- Opening Delimiter -

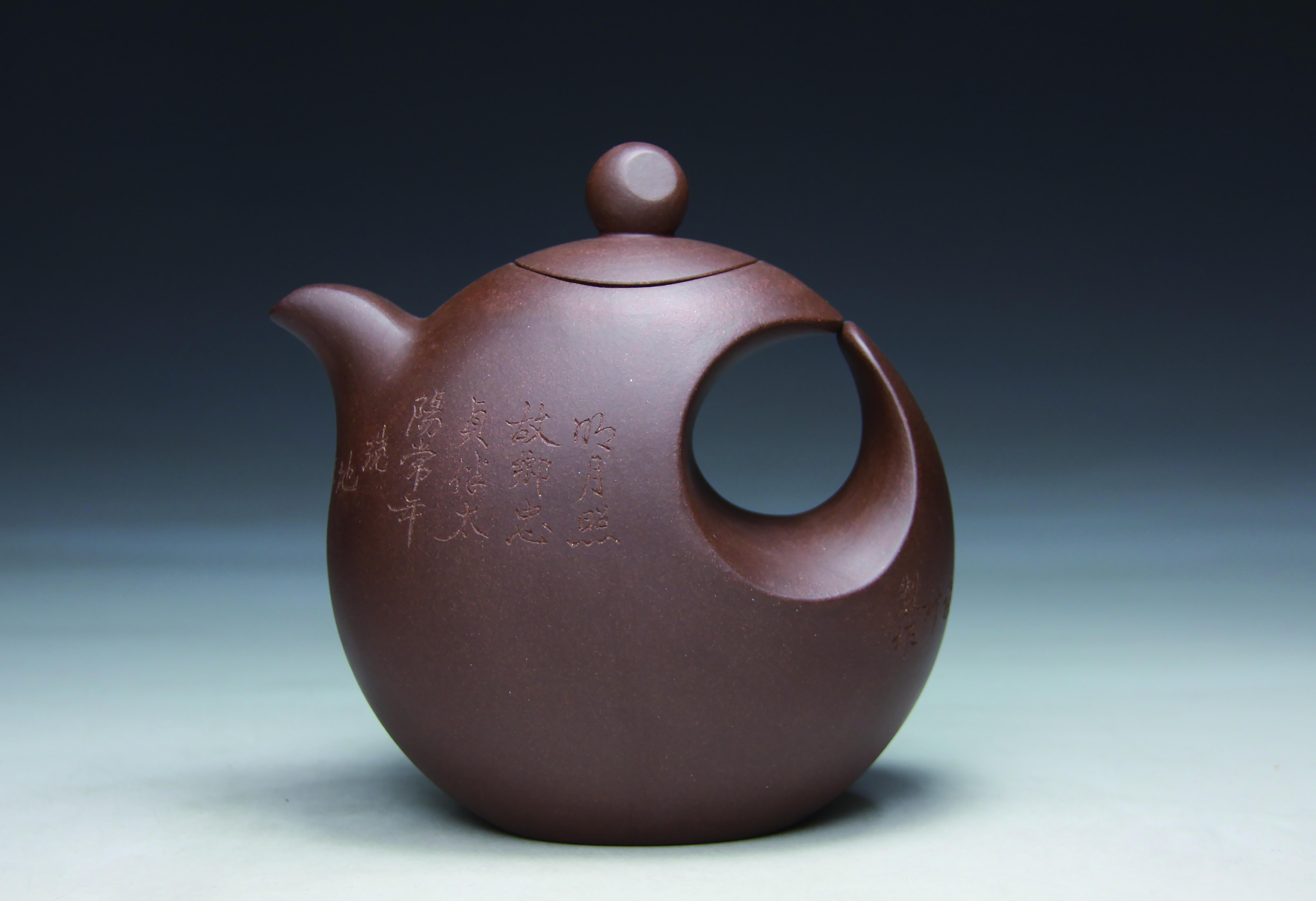 该同学新近创作的“望月壶”,作品选“月亮”为题,进行构思造型,融合了传统意境和现代陶艺风格,以月相望朔圆缺变化构思造型表达。从月初的蛾眉月(弯月),到月半的望月(满月)之形态变化而设计,借以祝愿和祈福,故取名《望月壶》,荣获上海第十六届中国工艺美术大师精品展金奖。
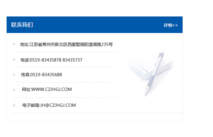 地址:常州市新北區友邦商務大廈1幢16、17層  電話:0519-85101652  傳真:0519-85112595  郵編:213022  網址:www.cz-jiayue_cn.scdelong.com  郵箱:xiajifengaa@163.com
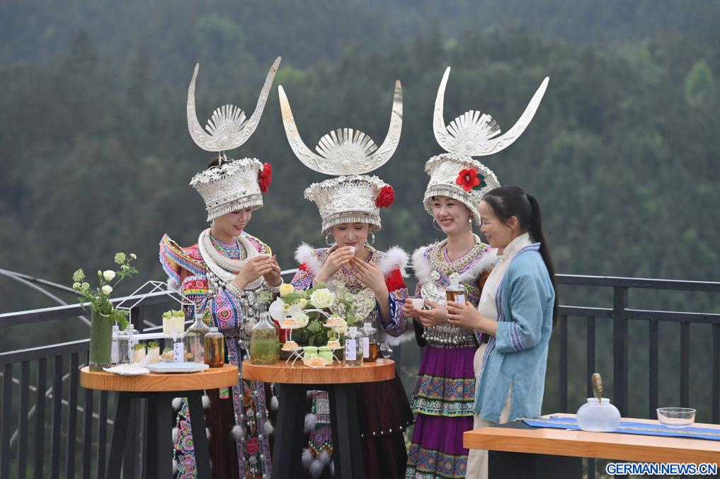 Menschen probieren Tee auf einer Teeplantage im Autonomen Kreis Rongshui der Miao in Liuzhou im südchinesischen Autonomen Gebiet Guangxi der Zhuang-Nationalität, 12. April 2026. (Quelle: Xinhua/Huang Xiaobang)

- Closing Delimiter -

* _WHAT IS REQUIRED_: Starting at the first line of the material above and ending with the line that contains "地址:常州市新北區友邦商務大廈1幢16、17層  電話:0519-85101652  傳真:0519-85112595", reproduce every line exactly, and leave out the pictures.

* _ANSWER SECTION_:
 该同学新近创作的“望月壶”,作品选“月亮”为题,进行构思造型,融合了传统意境和现代陶艺风格,以月相望朔圆缺变化构思造型表达。从月初的蛾眉月(弯月),到月半的望月(满月)之形态变化而设计,借以祝愿和祈福,故取名《望月壶》,荣获上海第十六届中国工艺美术大师精品展金奖。
 地址:常州市新北區友邦商務大廈1幢16、17層  電話:0519-85101652  傳真:0519-85112595  郵編:213022  網址:www.cz-jiayue_cn.scdelong.com  郵箱:xiajifengaa@163.com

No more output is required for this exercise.